ReLU exhibits the other habits. In layer 1, whereas some neurons are inactive (the “dead zone”), the lively ones already unfold throughout a wider vary (1.15 std), indicating preserved variation. By layer 2, this expands even additional (1.67 std), and the courses turn out to be clearly separable — one is pushed to excessive activation ranges whereas the opposite stays close to zero. At this level, the output layer’s job is trivial.
fig, axes = plt.subplots(2, 2, figsize=(13, 10))
fig.patch.set_facecolor(T["bg"])
fig.suptitle("Hidden-space representations on make_moons test set",
fontsize=13, coloration=T["text"])
for col, (internet, coloration, title) in enumerate([
(net_sig, T["sig"], "Sigmoid"),
(net_relu, T["relu"], "ReLU"),
]):
for row, layer in enumerate([1, 2]):
ax = axes[row][col]
ax.set_facecolor(T["panel"])
H = internet.get_hidden(X_test, layer=layer)
ax.scatter(H[y_test==0, 0], H[y_test==0, 1], c=T["c0"], s=40,
edgecolors="white", linewidths=0.4, alpha=0.85, label="Class 0")
ax.scatter(H[y_test==1, 0], H[y_test==1, 1], c=T["c1"], s=40,
edgecolors="white", linewidths=0.4, alpha=0.85, label="Class 1")
unfold = H.std()
ax.textual content(0.04, 0.96, f"std: {spread:.4f}",
rework=ax.transAxes, fontsize=9, va="top",
coloration=T["text"],
bbox=dict(boxstyle="round,pad=0.3", fc="white", ec=coloration, alpha=0.85))
ax.set_title(f"{name} -- Layer {layer} hidden space",
coloration=coloration, fontsize=11)
ax.set_xlabel(f"Unit 1", coloration=T["muted"])
ax.set_ylabel(f"Unit 2", coloration=T["muted"])
ax.tick_params(colours=T["muted"])
if row == 0 and col == 0: ax.legend(fontsize=9)
plt.tight_layout()
plt.savefig("hidden_space.png", dpi=140, bbox_inches="tight")
plt.present()



Take a look at the Full Codes right here. Additionally, be at liberty to comply with us on Twitter and don’t overlook to affix our 120k+ ML SubReddit and Subscribe to our E-newsletter. Wait! are you on telegram? now you’ll be able to be part of us on telegram as effectively.

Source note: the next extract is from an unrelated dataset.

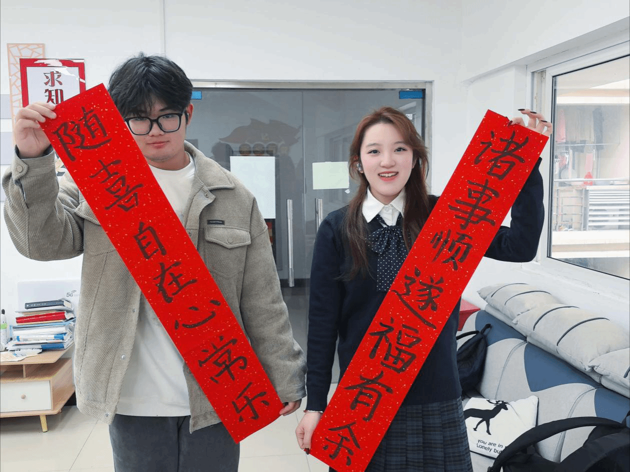 活动现场,红纸铺展,墨香四溢。同学们踊跃参与,无论是书法爱好者挥毫泼墨、展示功底,还是初次尝试者提笔临摹、感受韵味,大家都沉浸在对新春的期盼与对传统文化的独特魅力之中。一笔一划,书写的是对学业进步、生活顺遂的祝愿;一字一句,传递的是同窗之间、朋辈互助的温情关怀。同学们纷纷表示,在紧张的期末复习间隙,能静下心来写春联,不仅可以体验传统文化的魅力,更是一种有效的放松和调节。现场同学们相互交流创作心得、欣赏彼此作品,欢声笑语此起彼伏,温暖氛围萦绕整个社区。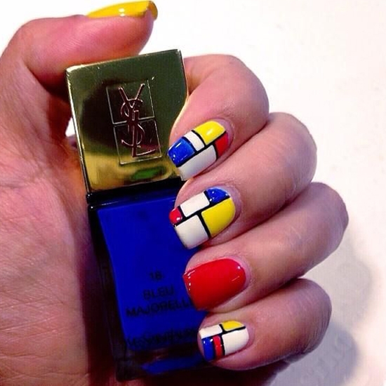 这款美甲选用了,靓丽的黄色、白色、蓝色和红色,是比较典型的波普风格颜色,以格子的形式填充,很西方风格的一款格子美甲图案。很时尚的颜色搭配,也是很白搭的一款短指甲美甲!

Have to associate with us for selling your GitHub Repo OR Hugging Face Web page OR Product Launch OR Webinar and many others.? Join with us

I’m a Civil Engineering Graduate (2022) from Jamia Millia Islamia, New Delhi, and I’ve a eager curiosity in Information Science, particularly Neural Networks and their utility in numerous areas.